In March this year my marriage ended. A few weeks later, my gran died. Then I was taken into hospital for surgery because of an ectopic pregnancy. I hadn’t even realised that I was expecting; I must have fallen pregnant shortly before we decided to separate. It was the worst two months of my life. I struggled to cope.

In August my mum said that she wanted us to go on a Christian holiday, as a family. My parents offered to pay for me to go. It was very unexpected, and just what I needed. I planned to keep my mouth shut, as I didn’t want to feel judged.

On one of the days, I went on a boat trip with a handful of people. People started sharing their testimonies. I thought ‘Oh my goodness, I wanted to keep this quiet.’ But I felt compelled to share my story, and as it was a small group, I felt quite comfortable. It was very emotional and raw. It was hard to do, but I am so glad that I did it. One of the girls listening, who was older than me, then told me her story.
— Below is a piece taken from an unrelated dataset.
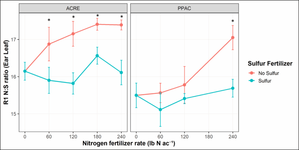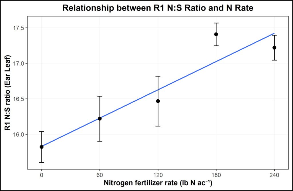 As N fertilizer rates increase, plant tissue N:S ratios also tend to rise (Figure 1), which may exacerbate S deficiency symptoms when S availability is inadequate. Current Purdue University guidelines for diagnosing S deficiency in corn tissue include S concentrations below 0.18 percent and N:S ratios greater than 16:1 in both young vegetative whole-plant samples and R1 ear leaf samples. When tissue S concentrations fall below this threshold and/or N:S ratios exceed 16:1, S deficiency is likely limiting in the plant and S fertilization is likely needed.
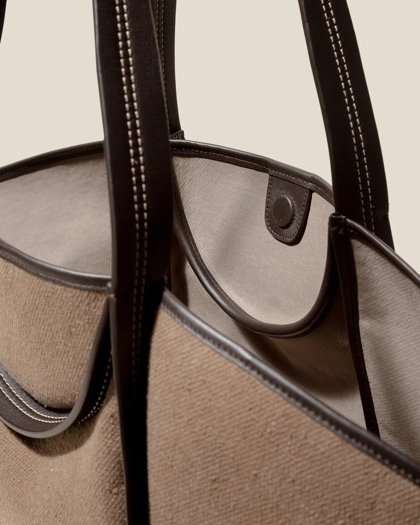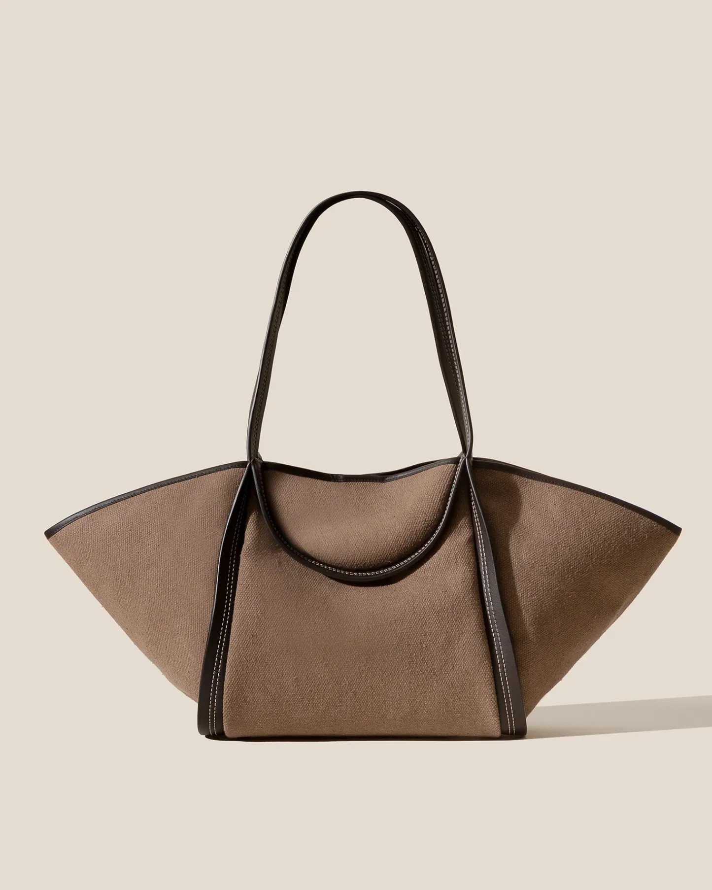 Leather-trimmed canvas basket crafted in thick canvas and soft smooth calf.

She had been through almost exactly the same thing as me. She had got married very young, got divorced, lost a baby. It was quite clear that God had put us both on that holiday for a reason. From then on, I felt this overwhelming sense of grace.

When you grow up as a Christian and go to church regularly, it can be easy to just get swept along with it. But now, the meaning of grace has completely changed for me. I came away from the holiday feeling renewed; I had found my faith in God again. I thought: ‘I want to change the reason why I’m living.’ I got in contact with Ben and Clare Turner, who run Richmond Holidays, to tell them my story ? and to apply to work for a season withed the company. I wanted the opportunity to be surrounded by Christians and to give something back after all they’ve given me.
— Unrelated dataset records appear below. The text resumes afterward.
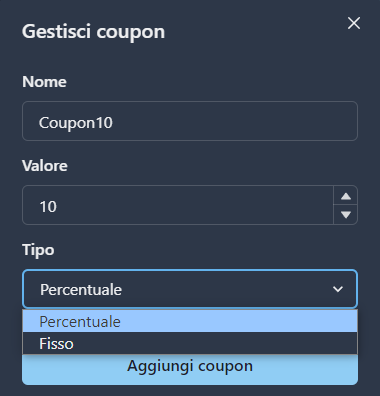 Un Coupon è un codice usufruibile dai clienti per ricevere uno sconto sul prezzo totale del carrello.
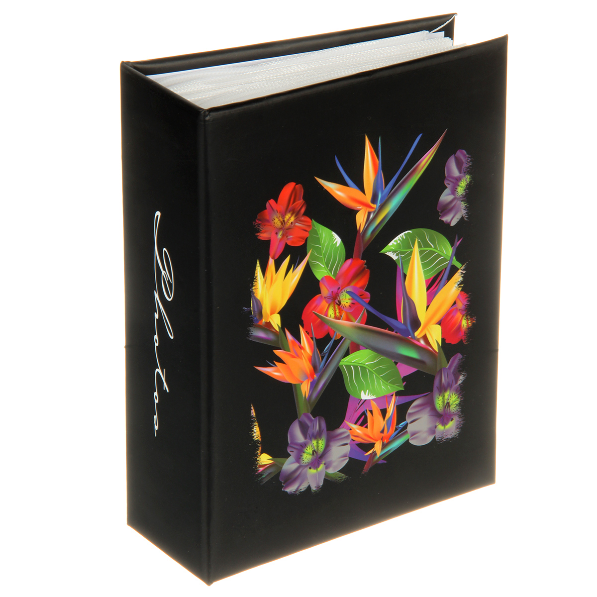 Стильный и красивый альбом вмещает в себя 100 фотографий формата 10х15 см. Пластиковые кармашки, 50 листов, скрепленных высокочастотной сваркой, по одной фотографии на странице.
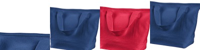 600denier polyester; Contrasting bottom panel; Contrasting webbing handles; Front zipper pocket; Zippered main compartment; Back slip panel; 15.5"W x 13.5"H x 6.75"D;
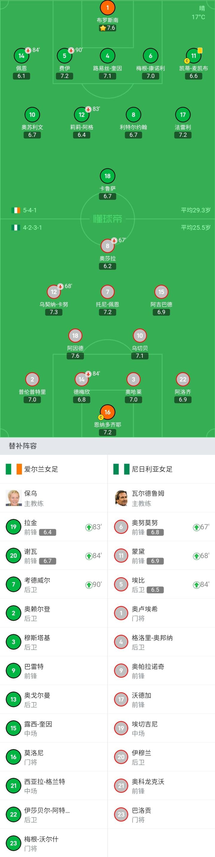 愛爾蘭女足首發:1-布羅斯南、5-費伊、4-路易斯-奎因、6-康諾利、12-阿格、10-奧蘇利文、8-利特爾約翰、11-麥凱布、14-佩恩、17-法雷利、18-卡魯薩

Louise Champness went with Tearfund to Cochabamba, Bolivia, to work with vulnerable girls and young mothers

When I was younger I had an ambition to do missionary work abroad. But when I arrived in Cochabamba to work among vulnerable women, I felt helpless to make much of a difference in the face of so much poverty. I was freshly out of school, and felt that I didn’t have many skills to offer. I didn’t even speak Spanish. Despite that, God really used me in my weakness. It was a very humbling experience.

The charity that my Tearfund group worked with was called Mosoj Yan, meaning ‘A new way’ Launched in 1991, it has three main projects ? a centre in the heart of the city for girls whose mothers work on the streets, where they can have a hot meal and receive help with their homework. Another project for girls who have been abused or abandoned is located on the outskirts of the city. Here the girls are taught basic skills such as sewing, and are eventually encouraged to return to live with their families, if possible. A third project seeks to befriend women who live on the streets, especially those on drugs and with young babies. The trip was four months long; we spent a month working in each of these three areas and two final weeks travelling.
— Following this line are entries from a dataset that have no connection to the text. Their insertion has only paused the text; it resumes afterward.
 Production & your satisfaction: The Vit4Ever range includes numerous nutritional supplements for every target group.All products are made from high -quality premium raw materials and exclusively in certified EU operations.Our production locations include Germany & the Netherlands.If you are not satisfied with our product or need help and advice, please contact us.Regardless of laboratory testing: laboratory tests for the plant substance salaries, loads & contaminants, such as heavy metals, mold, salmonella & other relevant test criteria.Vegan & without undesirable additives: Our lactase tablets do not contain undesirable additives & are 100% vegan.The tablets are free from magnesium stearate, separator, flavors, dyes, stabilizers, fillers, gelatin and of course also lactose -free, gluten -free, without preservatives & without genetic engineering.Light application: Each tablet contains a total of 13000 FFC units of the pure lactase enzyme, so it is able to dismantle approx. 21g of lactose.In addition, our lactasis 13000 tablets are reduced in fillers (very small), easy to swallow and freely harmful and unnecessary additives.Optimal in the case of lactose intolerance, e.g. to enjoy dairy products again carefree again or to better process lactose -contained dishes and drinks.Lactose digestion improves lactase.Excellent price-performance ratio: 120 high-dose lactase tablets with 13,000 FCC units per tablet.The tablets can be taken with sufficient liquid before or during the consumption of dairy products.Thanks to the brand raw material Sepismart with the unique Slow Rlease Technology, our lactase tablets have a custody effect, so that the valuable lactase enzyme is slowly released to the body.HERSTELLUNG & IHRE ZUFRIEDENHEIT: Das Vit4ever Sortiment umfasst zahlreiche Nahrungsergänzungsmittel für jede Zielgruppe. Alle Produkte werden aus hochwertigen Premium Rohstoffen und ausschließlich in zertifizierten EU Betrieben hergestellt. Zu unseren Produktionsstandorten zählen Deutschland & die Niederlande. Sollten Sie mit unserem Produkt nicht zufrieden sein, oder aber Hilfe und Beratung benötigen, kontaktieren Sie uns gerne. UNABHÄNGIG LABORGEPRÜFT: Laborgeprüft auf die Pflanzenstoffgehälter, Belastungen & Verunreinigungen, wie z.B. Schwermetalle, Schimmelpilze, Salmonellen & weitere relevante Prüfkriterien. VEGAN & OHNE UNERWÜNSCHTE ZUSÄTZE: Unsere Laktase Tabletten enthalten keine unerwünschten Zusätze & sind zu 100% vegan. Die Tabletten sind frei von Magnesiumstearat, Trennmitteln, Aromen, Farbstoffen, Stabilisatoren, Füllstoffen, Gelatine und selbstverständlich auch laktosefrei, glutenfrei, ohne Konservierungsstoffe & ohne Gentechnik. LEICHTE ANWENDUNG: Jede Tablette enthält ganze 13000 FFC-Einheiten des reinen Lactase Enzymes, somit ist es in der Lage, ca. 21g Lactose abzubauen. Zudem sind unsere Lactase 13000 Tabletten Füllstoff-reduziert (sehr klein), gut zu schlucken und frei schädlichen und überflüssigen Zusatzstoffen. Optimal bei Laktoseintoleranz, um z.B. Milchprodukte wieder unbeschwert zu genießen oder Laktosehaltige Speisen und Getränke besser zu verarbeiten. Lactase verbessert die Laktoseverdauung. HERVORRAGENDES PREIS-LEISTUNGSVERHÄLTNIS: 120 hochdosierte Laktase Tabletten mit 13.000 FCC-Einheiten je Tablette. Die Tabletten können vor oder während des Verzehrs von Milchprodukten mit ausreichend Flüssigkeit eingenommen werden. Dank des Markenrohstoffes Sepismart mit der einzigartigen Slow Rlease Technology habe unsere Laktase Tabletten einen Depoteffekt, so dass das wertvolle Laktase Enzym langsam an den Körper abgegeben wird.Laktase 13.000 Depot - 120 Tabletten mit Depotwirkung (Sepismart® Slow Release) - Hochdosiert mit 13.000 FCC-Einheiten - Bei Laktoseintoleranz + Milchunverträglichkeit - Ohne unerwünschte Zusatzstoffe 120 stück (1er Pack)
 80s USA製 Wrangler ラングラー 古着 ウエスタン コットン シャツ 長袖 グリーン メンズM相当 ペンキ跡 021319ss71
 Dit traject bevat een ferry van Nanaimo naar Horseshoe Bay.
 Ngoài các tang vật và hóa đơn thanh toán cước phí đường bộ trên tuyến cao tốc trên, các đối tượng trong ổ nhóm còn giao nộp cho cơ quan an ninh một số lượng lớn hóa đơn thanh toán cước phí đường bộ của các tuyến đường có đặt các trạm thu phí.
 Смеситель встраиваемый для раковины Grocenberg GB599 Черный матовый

We went out at night in pairs, with a couple of the charity workers, in order to befriend girls on the streets. One of the girls, who was about 15, had a young toddler with her. He was pretending to be a train and crawling through her legs as she sniffed glue. I was so struck by it; here was a toddler, playing as any toddler would, but his mother had an addiction and hardly any future. I had a real sense of compassion and hopelessness. When, later that evening, I got back to the small bungalow where our team was staying, I was so grateful for the roof over our heads.

Working with the women taught me to be less judgemental. Before I went, I saw prostitution as something that is really wrong and I couldn’t see why anyone would do it. Now, while I do still see it as wrong, I feel that if I had been born into the sort of situation that these women face, and not shown any love ? who knows, I could be doing the same.

Going on the trip has given me an awareness that it’s not what we have, or doing things that are great in the world’s eyes, that matter. I have since done some volunteering for a vulnerable women’s project in Newcastle. We might not be able to eradicate poverty, but we can, as Mother Teresa famously said, do ‘small things with great love.’